The risks of a cut of the Russian “gas valve” in the direction of Western Europe weigh heavily.

Forex traders dialed in to the monthly NFP (Non Farm Payrolls) survey on Friday. Report whose content is rather reassuring in the sense that the Fed’s dread of a runaway price/wage spiral has been postponed for the time being. The American economy managed to create 372,000 jobs in the private sector (excluding agriculture), well beyond expectations, without unduly booming wage dynamics (+0.3%). As for the unemployment rate, it remains stable at 3.6% of the active population, marking almost full employment, on its pre-Covid levels.

Sebastian Paris Horvitz, of La Banque Postale Asset Management, notes that “the job market situation remains very tense, which is reflected in the continued increase in the average hourly wage. Two things must be remembered, on the one hand, the American economy continues to expand and is not yet very close to a recession and, on the other hand, these figures should confirm the Fed in its policy of rapid short-term rate hikes, including in particular a new up 75 bps at the next monetary policy meeting on July 26-27.”

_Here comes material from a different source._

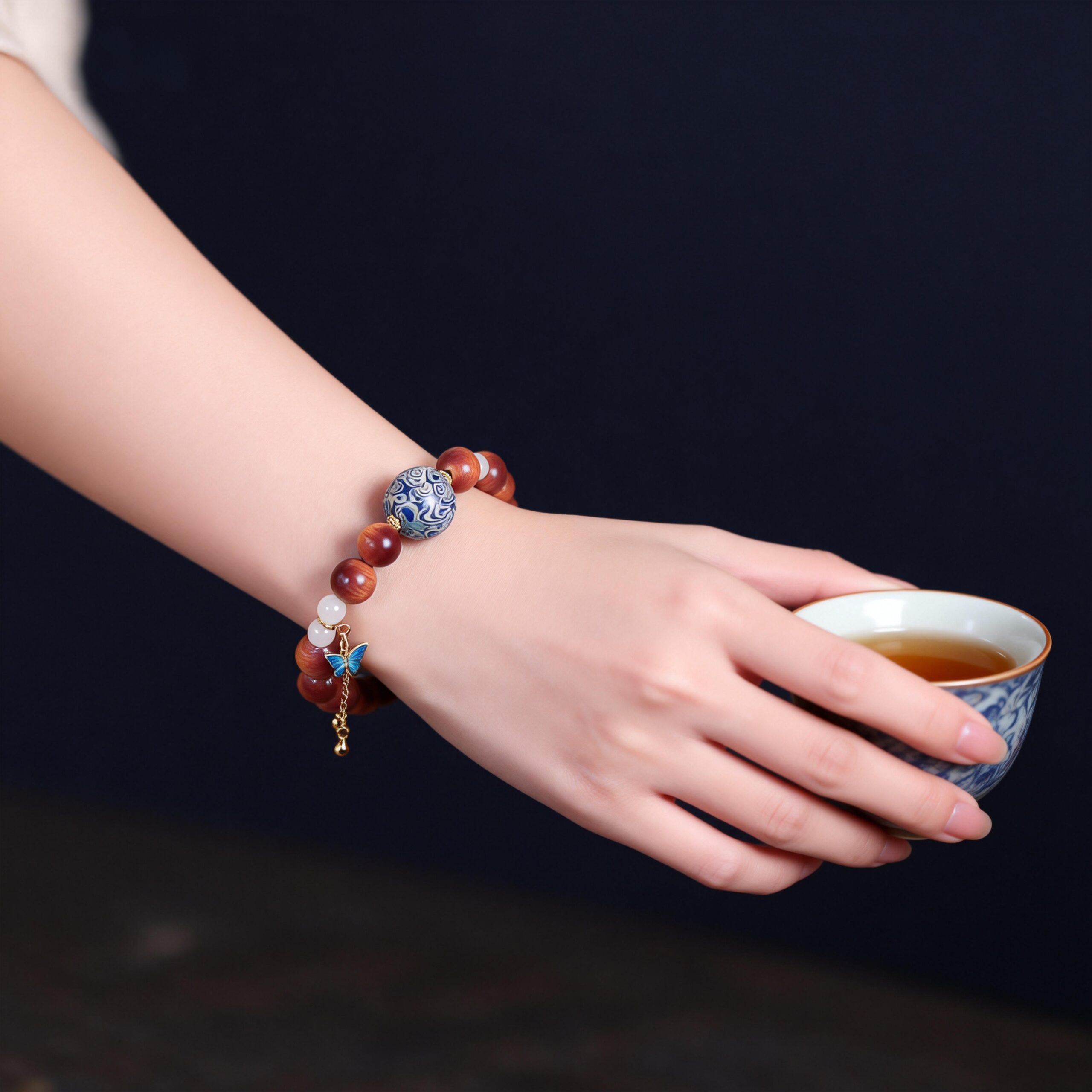 The lacquered bead introduces movement — a trace of classical Chinese craft.

If this Monday, the statistical menu is relatively poor, it will not be the same for the rest of the week with, among other important benchmarks, that is to say able to cause, if necessary, deviations on the currency pair: the ZEW index of confidence in the German economy tomorrow, the consumer price index in the United States on Wednesday, the producer price index in the United States on Thursday, retail sales and US consumer confidence (U-Mich) in preliminary data on Friday.

At midday on the foreign exchange market, the Euro was trading against $1.0110 about.

KEY GRAPHIC ELEMENTS

the spot is breaking a fragile neck line from a pattern chartist, which sends a clear bearish message. Our immediate objective is to achieve, in growing volatility, the perfect parity, namely one euro for one dollar. If necessary and in the long term, a powerful rebound could take shape. The bearish entry point is no longer ideal. A strong Euro rebound is counter-intuitively imminent. When the time comes, the 50-day long moving average (in orange) will serve as our target.

MEDIUM TERM FORECAST

In view of the key graphic factors that we have mentioned, our opinion is neutral in the medium term on the Euro Dollar (EURUSD).

We will keep this neutral opinion as long as the Euro Dollar (EURUSD) parity prices are positioned between the support at 1.0000 USD and the resistance at 1.0250 USD.